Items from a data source

-- Opening Marker --

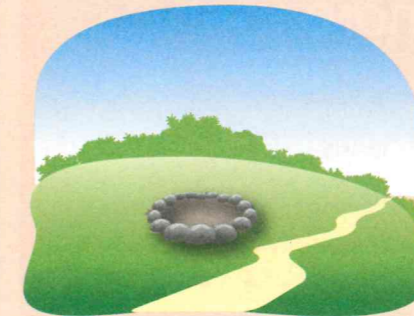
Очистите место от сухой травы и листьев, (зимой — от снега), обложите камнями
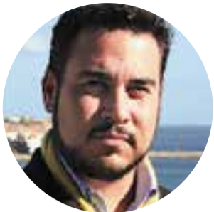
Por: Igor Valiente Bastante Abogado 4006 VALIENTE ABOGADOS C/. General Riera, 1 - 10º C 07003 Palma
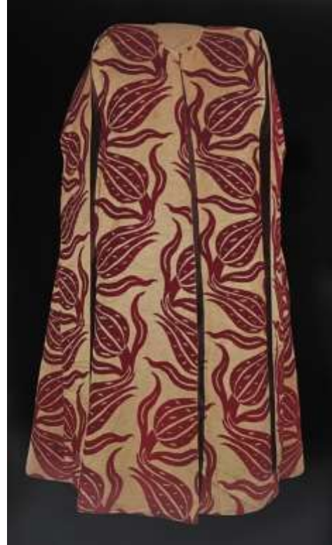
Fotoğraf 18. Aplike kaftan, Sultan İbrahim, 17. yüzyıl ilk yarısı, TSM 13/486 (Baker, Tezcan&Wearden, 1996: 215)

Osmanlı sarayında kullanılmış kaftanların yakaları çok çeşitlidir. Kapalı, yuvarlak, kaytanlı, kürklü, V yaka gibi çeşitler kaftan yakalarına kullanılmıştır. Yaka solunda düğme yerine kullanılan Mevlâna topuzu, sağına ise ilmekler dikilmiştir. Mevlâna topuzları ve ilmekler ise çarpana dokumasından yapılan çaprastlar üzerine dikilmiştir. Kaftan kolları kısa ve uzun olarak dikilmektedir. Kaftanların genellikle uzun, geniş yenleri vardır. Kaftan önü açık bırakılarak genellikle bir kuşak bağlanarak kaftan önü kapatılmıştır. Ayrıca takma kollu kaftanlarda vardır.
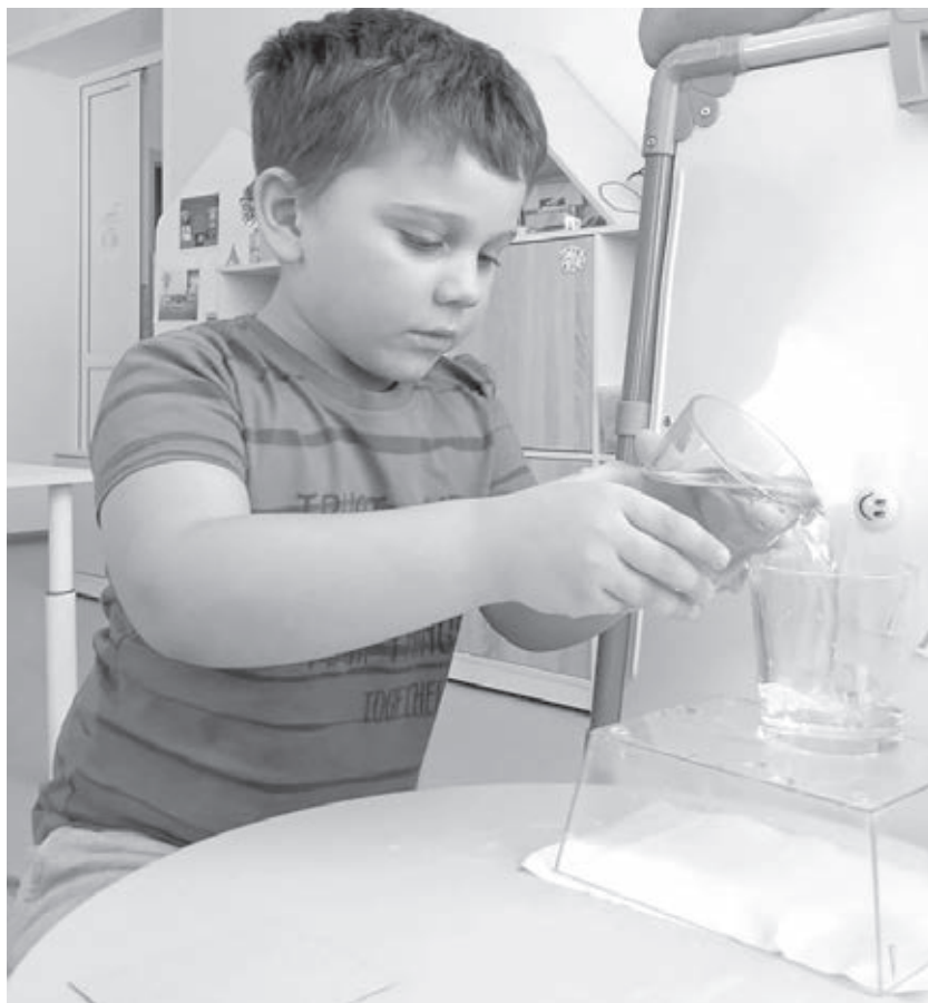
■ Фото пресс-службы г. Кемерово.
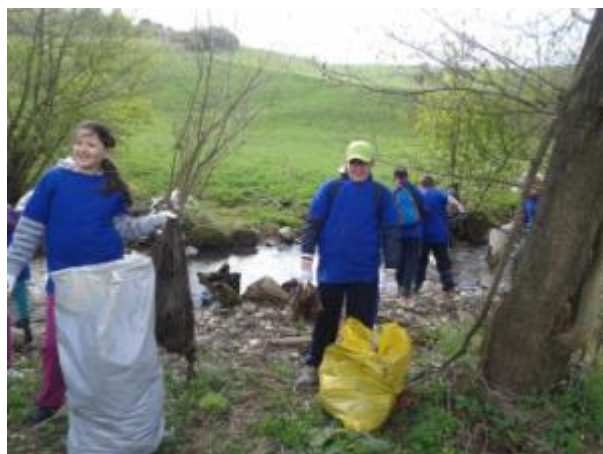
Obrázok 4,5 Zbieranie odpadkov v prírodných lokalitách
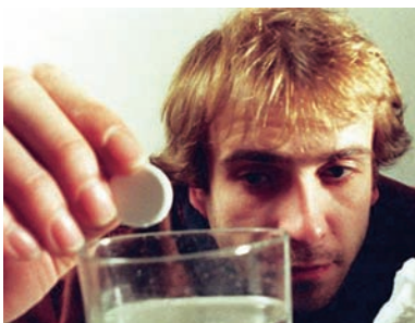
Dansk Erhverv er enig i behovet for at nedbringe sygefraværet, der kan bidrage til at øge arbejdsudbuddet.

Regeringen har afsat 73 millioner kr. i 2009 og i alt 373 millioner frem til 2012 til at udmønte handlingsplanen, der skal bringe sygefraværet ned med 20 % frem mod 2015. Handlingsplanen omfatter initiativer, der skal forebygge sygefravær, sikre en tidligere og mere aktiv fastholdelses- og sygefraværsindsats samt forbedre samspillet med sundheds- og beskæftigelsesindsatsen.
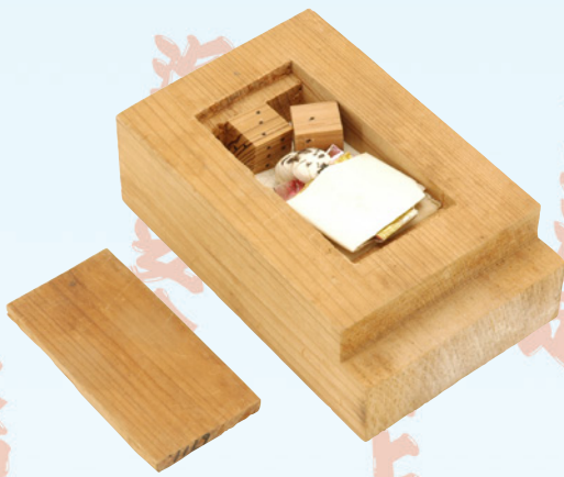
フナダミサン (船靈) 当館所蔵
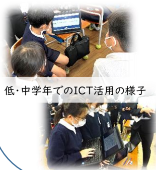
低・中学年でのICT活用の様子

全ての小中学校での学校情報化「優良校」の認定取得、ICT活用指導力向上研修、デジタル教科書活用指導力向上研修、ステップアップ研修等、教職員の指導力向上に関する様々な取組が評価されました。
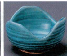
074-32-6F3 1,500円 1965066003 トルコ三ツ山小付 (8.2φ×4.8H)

-- Closing Marker --
-- Opening Marker --

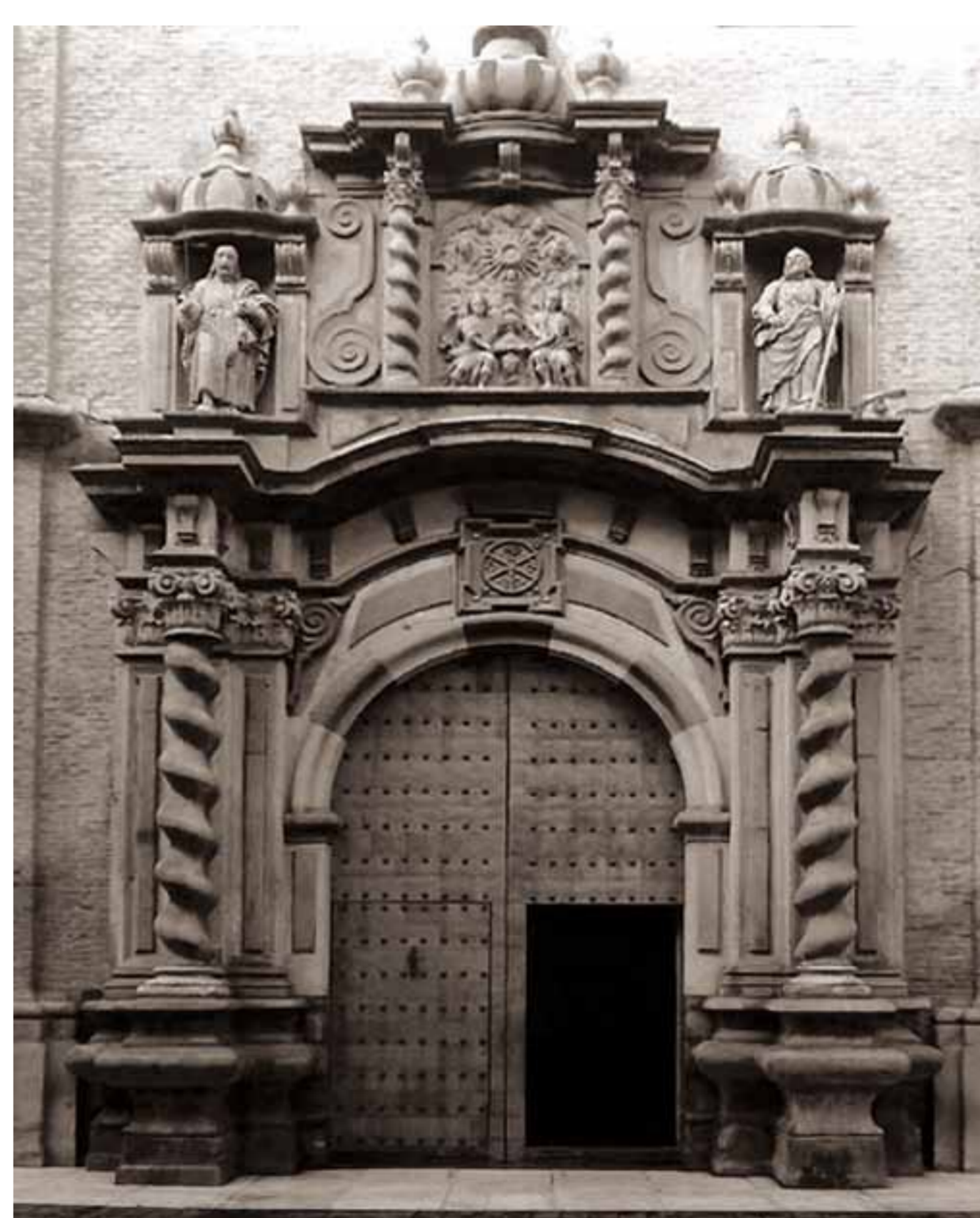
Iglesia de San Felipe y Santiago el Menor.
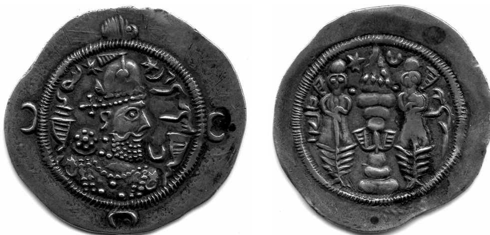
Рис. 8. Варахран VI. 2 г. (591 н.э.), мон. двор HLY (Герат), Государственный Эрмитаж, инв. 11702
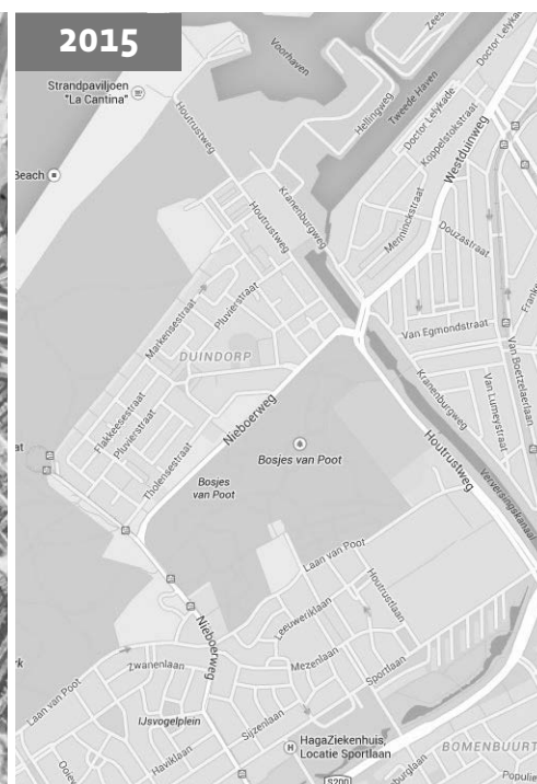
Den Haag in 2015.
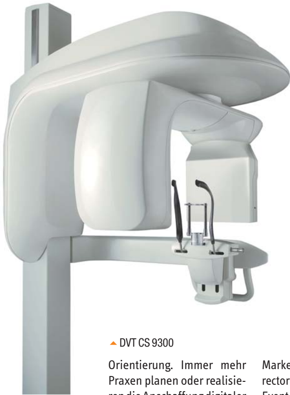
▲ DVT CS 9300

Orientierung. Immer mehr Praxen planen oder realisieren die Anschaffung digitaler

-- Closing Marker --

WHAT YOU SHOULD DO:
From the data above, return exactly the lines from the one with "Iglesia de San Felipe y Santiago el Menor." up to and including the one with "Orientierung. Immer mehr". Pictures do not go in the copy.

THE COMPLETED TASK:
Iglesia de San Felipe y Santiago el Menor.
Рис. 8. Варахран VI. 2 г. (591 н.э.), мон. двор HLY (Герат), Государственный Эрмитаж, инв. 11702
Den Haag in 2015.
▲ DVT CS 9300

Orientierung. Immer mehr Praxen planen oder realisieren die Anschaffung digitaler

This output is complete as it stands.